A group of researchers at Sanford Burnham Prebys Medical Discovery Institute has found a new drug delivery method for brain injury treatment which is capable of delivering drugs directly to the injured part of  the brain. The technique, called CAQK coupling, will utilize a peptide called CAQK that targets, and selectively binds, to damaged brain areas once it is systematically administered. Drugs, or treatments such as siRNA complexes, can now be coupled to CAQK peptide for effective targeted delivery.

This technique has been licensed by a biotech research and technology startup company, AivoCode, which was recently awarded a Small Business Innovation Research (SBIR) grant from the National Science Foundation for further development and commercialization.

The study, conducted due to high prevalence of Traumatic Brain Injury (TBI) victims,  forced researchers set out to investigate various peptides that would recognize specific molecular changes at the locations of traumatic injury in the brain, and improve delivery of therapeutic chemicals to these sites. The researchers previously employed in vivo phage display as a powerful and unbiased method to probe tissues in tumors and wounds. The goal of this approach was to explore an alternative to local delivery of therapeutics, which is invasive and can add complications to the injury. The study was published on June 28, 2016 in Nature.

The researchers described the short peptide sequence, CAQK which was identified in vivo phage display screening in mice with acute brain injury. The CAQK peptide selectively binds to injured mouse and human brains. Systemically-injected CAQK specifically attaches to sites of brain injury in mouse models called chondroitin sulfate proteoglycans, which increase in case of brain injuries. These CAQK chemicals have the ability to carry drugs and nanoparticles to the injury site of the brain.

The hindering factor in treating brain diseases is the blood-brain barrier, due to which localized delivery of drugs has been closely examined by many scientists over the years but has significant limitations in clinical environments. In several cerebrovascular diseases, the blood-brain barrier is disrupted.  Due to a lack of binding proteins that get washed out of the blood barrier, the therapeutic efficiency of drugs becomes extremely weakened.

The peptide sequence could also be used to detect brain injuries and invent detection tools by attaching the peptide to materials that can be detected by medical imaging devices. This is due to the fact that the peptide can deliver nanomolecules that can be loaded with larger nanoparticles and can enable genetic engineering therapies or enzyme therapies.

The researchers tested the peptides area of effect by inducing non-penetrative brain trauma injury in mice. The scientists tested peptide homing in a controlled cortical impact injury (CCI) model. Without any penetrative injury, the model showed symptoms of cortical tissue loss, axonal injury, concussion and BBB dysfunction similar to TBI.

The peptide targeted the injured area of brain in this model. However, the peptide binding was only limited to the area of injury particularly and not to other areas as no peptide accumulation was detected in perforating injuries inflicted on the liver and skin. Hence the peptide targeting was limited to the area of injury in the model at least.

Traumatic Brain Injury (TBI)

Traumatic Brain Injury (TBI), also known as intracranial brain injury, occurs when an external force injures the brain. TBI is a major health problem which can lead to early death and other brain diseases such as dementia and depression.

According to Centers for Disease Control and Prevention (CDC), of the 1.7 million who sustain TBI each year in the United States; 52,000 die, 275,000 are hospitalized, and 1.365 million are treated and released from an emergency department. Since there are limited treatments available to treat TBI and many TBI injuries are penetrative, making diagnosis even more complicated, the researchers took it upon themselves to increase the mortality of TBI patients..

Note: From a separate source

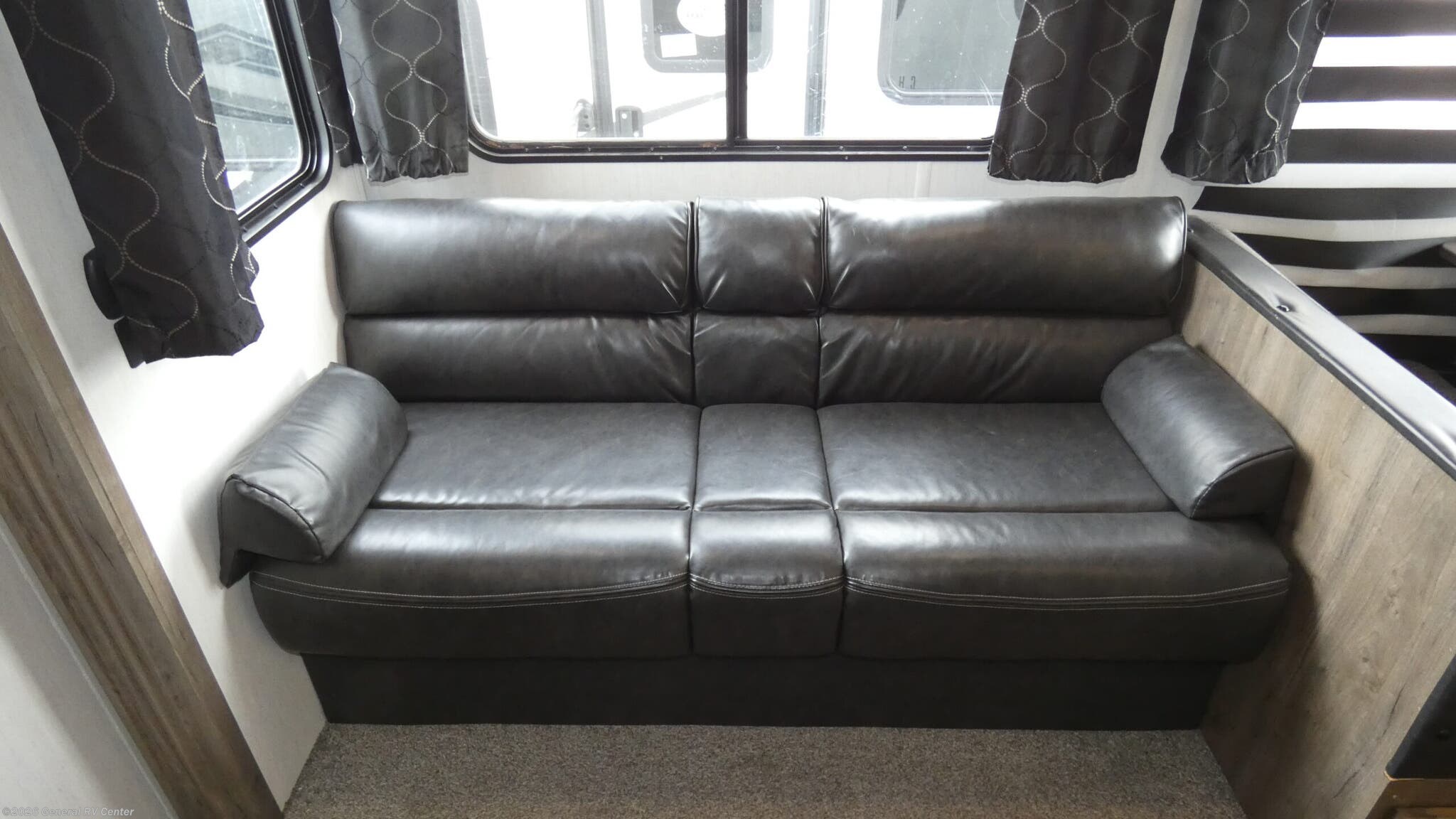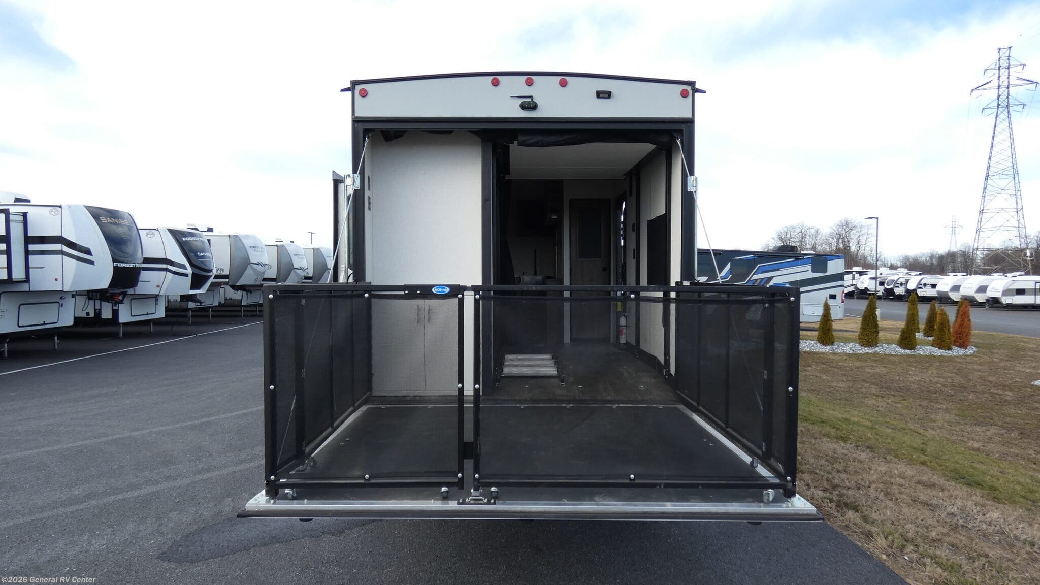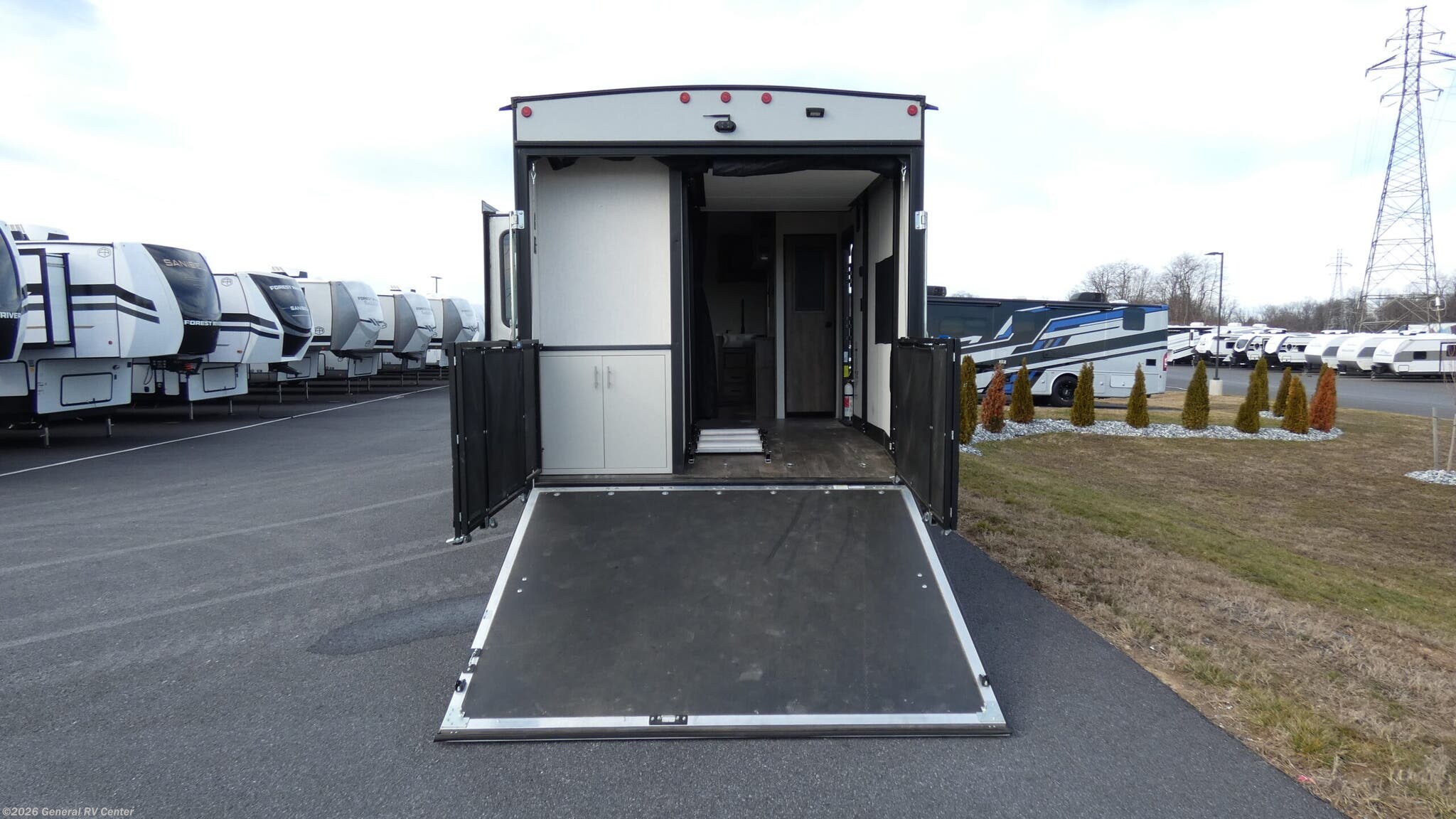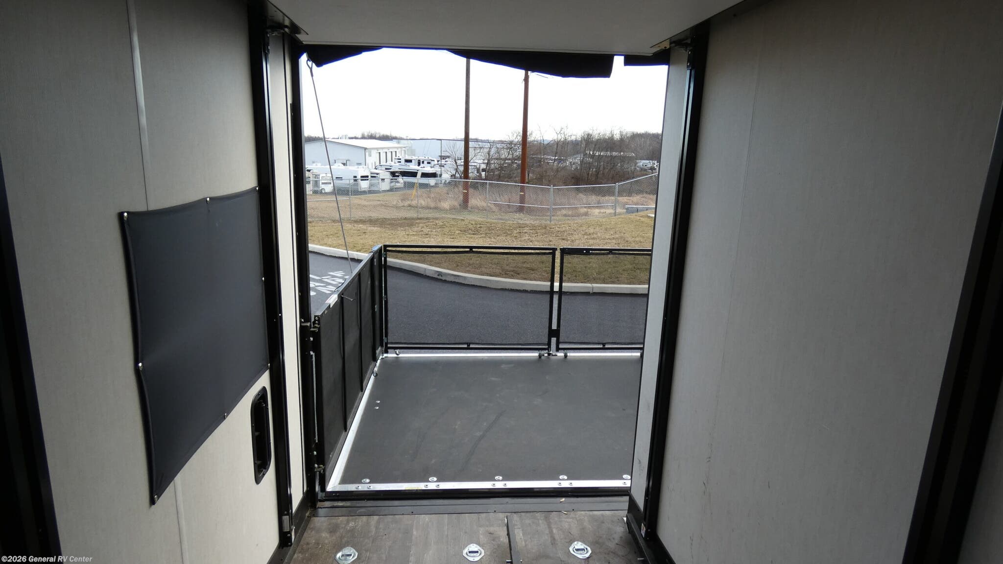 Forest River Cherokee Wolf Pack 27PACK10 toy hauler highlights: Front Private Bedroom Bunk Beds Fireplace Party Patio Outside Kitchen Every part of this toy hauler is maximized for utility and comfort! The Happijac bed lift system bunk beds can be set up within minutes of arriving at your destination. Behind the entertainment center with a fireplace is a large pantry for your snacks and across from it is a sofa and booth dinette slide. Freshen up in the rear corner bathroom then head to the front private bedroom to change your clothes that are store in the wardrobes on either side of the 67" x 74" Wolf Pack king bed. You will be the talk of the campground with the "party patio" that has outside TV hookups. Plus, there is an outside kitchen for sunrise breakfasts! Run with the pack in any one of these Forest River Cherokee Wolf Pack toy haulers! They are affordable and versatile with a 102" widebody design to pack in all of the necessary features for a great adventure with your family and toys. The grey high gloss gel exterior will turn heads on the highway and the LED interior/exterior lights will make life easier. An outside shower with hot and cold water helps to keep the mud outside where it belongs. With an external 30 gallon fuel station, you won't have to worry about your toys being low on fuel. The Platinum package adds extra conveniences like a ramp door patio deck railing system, a Happijac bed lift system, and an industrial rubber garage floor on enclosed garage models. Come find the perfect model for you today!

Blood-brain barrier (BBB) disharmony is an important indicator for BTI, with therapies to restore BBB functionality currently under investigation for neuroprotection. Since BBB injuries are localized to the upper region of the body, the delayed onset of a second injury provides an effective method for medical interventions. Research suggests the duration of the BBB impairment is at least up to 5 days which provides ample time for such a treatment method. The results show enhancement as high as 35 times in the accumulation of systemically administered imaging agents and therapeutic chemicals at and around the site of injury.

The peptide targeting was observed for up to 5 days after the injury, facilitating precise targeting. Furthermore, the peptide was more successful at targeting the area of injury via intravenous injections as compared to draining blood vessels near the brain and relieving intracranial pressure to minimize injury.

The high accuracy of such targeting is likely accounted for by two factors — the peptide can access and bind to its target that allows accumulation of the payload and causes retention at the site of injury. The impairment of the BBB allows all circulating substances to enter the injury area. And, if the peptide receptor is in sufficient volume compared to the volume of the peptide-drug compound, the binding of the peptide to the receptor can assist payload accumulation beyond the BBB drainage.